As we have before said, the application to set aside the judgment was properly made on motion supported by affidavit, but if the judgment was set aside the question of service was left to be decided the same as if no judgment had been entered. The judgment might have been opened and appellant permitted to plead in abatement; but it did not ask that relief, and says here it could not plead in abatement because it did not appear until after judgment. We conclude even though the court, if requested, should have opened the judgment to permit a plea in abatement to be filed, that there was no harmful error in refusing to do so for the sole purpose of considering an issue presented by motion that could only be tried on a plea.

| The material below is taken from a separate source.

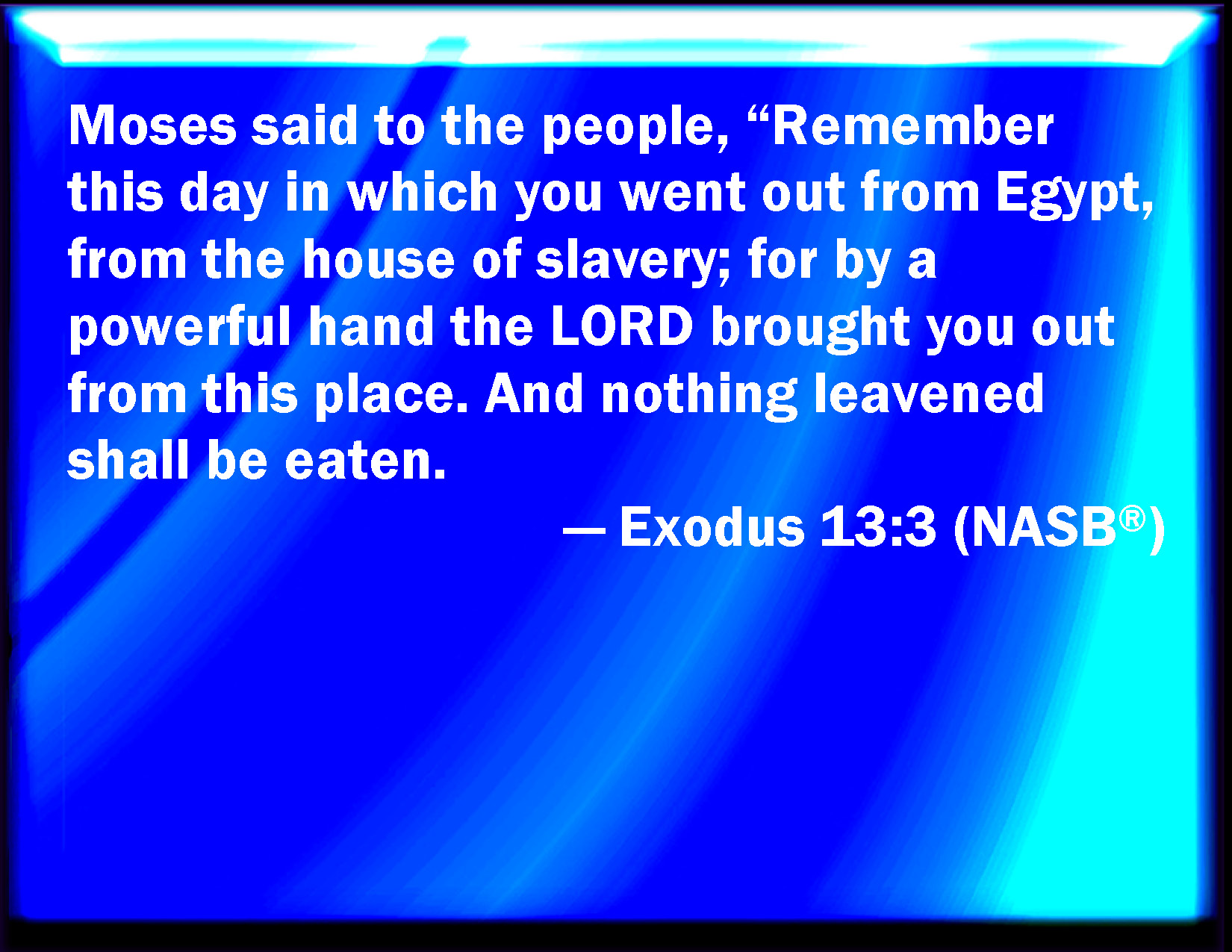 Bible Verse Slide Exodus 13:3 And Moses said to the people, Remember this day, in which you came out from Egypt, out of the house of bondage; for by strength of hand the LORD brought you out from this place: there shall no leavened bread be eaten. KJV: And Moses said unto the people, Remember this day, in which ye came out from Egypt, out of the house of bondage; for by strength of hand the LORD brought you out from this place: there shall no leavened bread be eaten. DRB: And Moses said to the people: Remember this day in which you came forth out of Egypt, and out of the house of bondage, for with a strong hand hath the Lord brought you forth out of this place: that you eat no leavened bread. DBT: And Moses said to the people, Remember this day, in which ye came out from Egypt, out of the house of bondage; for with a powerful hand hath Jehovah brought you out from this; and nothing leavened shall be eaten. ERV: And Moses said unto the people, Remember this day, in which ye came out from Egypt, out of the house of bondage; for by strength of hand the LORD brought you out from this place: there shall no leavened bread be eaten. WBT: And Moses said to the people, Remember this day, in which ye came out from Egypt, out of the house of bondage; for by strength of hand the LORD brought you out from this place: there shall no leavened bread be eaten. WEB: Moses said to the people, "Remember this day, in which you came out from Egypt, out of the house of bondage; for by strength of hand Yahweh brought you out from this place. No leavened bread shall be eaten. YLT: And Moses saith unto the people, 'Remember this day in which ye have gone out from Egypt, from the house of servants, for by strength of hand hath Jehovah brought you out from this, and any thing fermented is not eaten;Links Exodus 13:3 NIV • Exodus 13:3 NLT • Exodus 13:3 ESV • Exodus 13:3 NASB • Exodus 13:3 KJV • Exodus 13:3 Interlinear • Exodus 13:3 Commentaries • Exodus 13:3 Parallel Texts • Exodus 13:3 Bible Apps • Exodus 13:3 Parallel • Bible Hub |

Similar questions seem to have been heard in our trial courts on motion, and reviewed by our Supreme and Appellate Courts without, any question as to the propriety of that practice. Booz v. Texas & P. Ry. Co., 250 Ill. 376, is one of those cases. It may well be that where counsel appear in the trial court and submit a question without proper pleadings or competent evidence and ask a decision of the judge on facts so presented, they could not afterwards complain as to the method of procedure; but in the present case appellees introduced no testimony—the record simply shows them present by counsel when the motion was heard, and appellant does not suggest that appellees’ failure to specifically object below to the mode of procedure estops them from raising the question here.
As presented by counsel, the controlling question is whether the return could be quashed on motion supported by affidavits. And, being of the opinion that because it was regular on its face the matters relied on to impeach it could not be heard in that way,, the order is affirmed.
Affirmed.
Mr. Justice Niehaus took no part.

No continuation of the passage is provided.